Posted by gcwarbler about 2 months ago

@gcwarbler lets use the 30 species of the duck genus Anas as an example.

If an observation was at species Mallard, its precision would be 100% because its precisely placed to a single species (Mallard). If the observation was at Genus Anas, because there are 30 species below the genus the Precision would be lower: 1/30=3.3%. If it was ID'd at family Anatidae, since there are 165 species below the family, the Precision would be 1/165=0.6% and so on.

Just like we report average Accuracy by taking the average of the Accuracy of each observation in the sample, we're reporting average Precision by taking the average of the Precision of each observation in the sample. For RG obs its close to 100% because aside from a few exceptions RG obs are all at species. But its lower (~77%) for Verifiable obs which aren't.

The reason we want to measure Precision is that it trades off with Accuracy. For example, if we rolled back all Duck observations to Family, the Accuracy would probably be very high, but the Precision would decrease. We want a dataset that is both Accurate and Precise.

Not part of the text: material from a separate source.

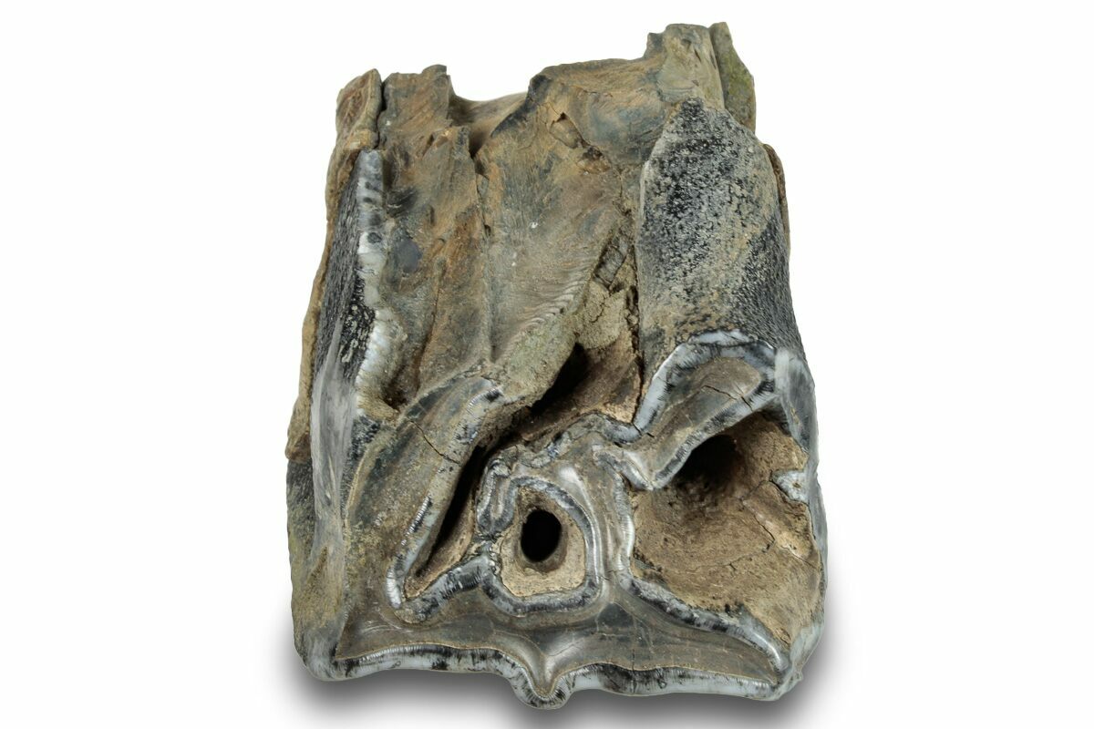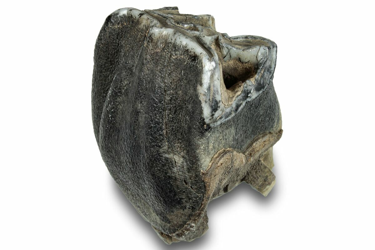 This is a well preserved fossil tooth crown from the upper jaw of a woolly rhinoceros (Coelodonta antiquitatis). The enamel is very well preserved, with black-grey tones coating most of the crown. This fossil comes from Siberia, Russia, where many Woolly Mammoth and Rhino fossils are unearthed. The tooth measures 2.65" tall and has some damage along one side.

The Precision statistic is nice in that it gives obs sitting at species a high value (100%) and obs sitting at coarser nodes lower values (approaching 0%), but its not ideal. For example some drawbacks are:
-- Its based on the number of species in the iNat taxonomy. This works well with ducks since all 165 are in the iNat taxonomy, but for groups like beetles where we probably only have a small percentage in the database and more are added manually every day, the denominator is shifting.
-- Like CV and the Species counts, we're ignoring subspecies and hybrids which isn't ideal because people do ID at these nodes. But if we included the 2 mallard subspecies which are rarely used by IDers, an ID of species Mallard would have a precision of 1/2=50%

Posted by loarie about 2 months ago

The link you send me don't work again. It append the same in the first experience. Can someone please send me again?

Posted by amanithor about 2 months ago

@amanithor can you email help@inaturalist.org to try to troubleshoot your issue with the URL? I suspect it has something to do with your browser

Great

Posted by afsarnayakkan about 2 months ago

Given the tangential mentions of CV accuracy above I might just mention a little experiment I did with the hoverfly genus Eristalis last year and the year before. First time I sampled 100 needsID whose current ID was at genus, second time only 50. I found the CV got the species right 75% and 76% of the time respectively. This included as many as 12 species on 5 continents. I thought it was pretty good. For context, Eristalis can be considered a genus that is difficult to ID from photos, but rarely impossible. It does generally have a lot of iNat observations to train from, but not for every species. Most of the errors were from poorer quality pictures. I thought that was pretty fantastic - certainly good enough to make identifiers lives easier. Maybe I should repeat it!

Posted by matthewvosper about 2 months ago

Personally I am impressed enough to recommend that the AI CV automatically identifies (and posts the ID) of all "Plant" rank identifications to Family level. At this stage I am reluctant to suggest Generic level, but I suspect in a few years time the AI CV will be far more reliable than the average identifier at even species level.
All the specialists bemoaning how badly the AI CV does with rare species, should bare in mind that (1) the AI CV has not been trained on these species yet, and so does not know about them; (2) unless the specialists identify these species then the AI CV will never know about them, & (3) +95% of identifiers on iNaturalist dont know about them either, and are no better than the AI. We need to keep our expectations realistic. And we all know where the untrained species will be found - under the most similar common species: common species identifications will need to be confirmed, and rarer species correctly identified from among them. That is simply how it works - with both human and the CVAI training, and both on iNaturalist and in the field and herbarium/museum with trainee specialists.
Even (or should I say: most especially) humans are going to perform very poorly on the really localized, really sparse, seldom recorded, and not-in-popular-fieldguide species.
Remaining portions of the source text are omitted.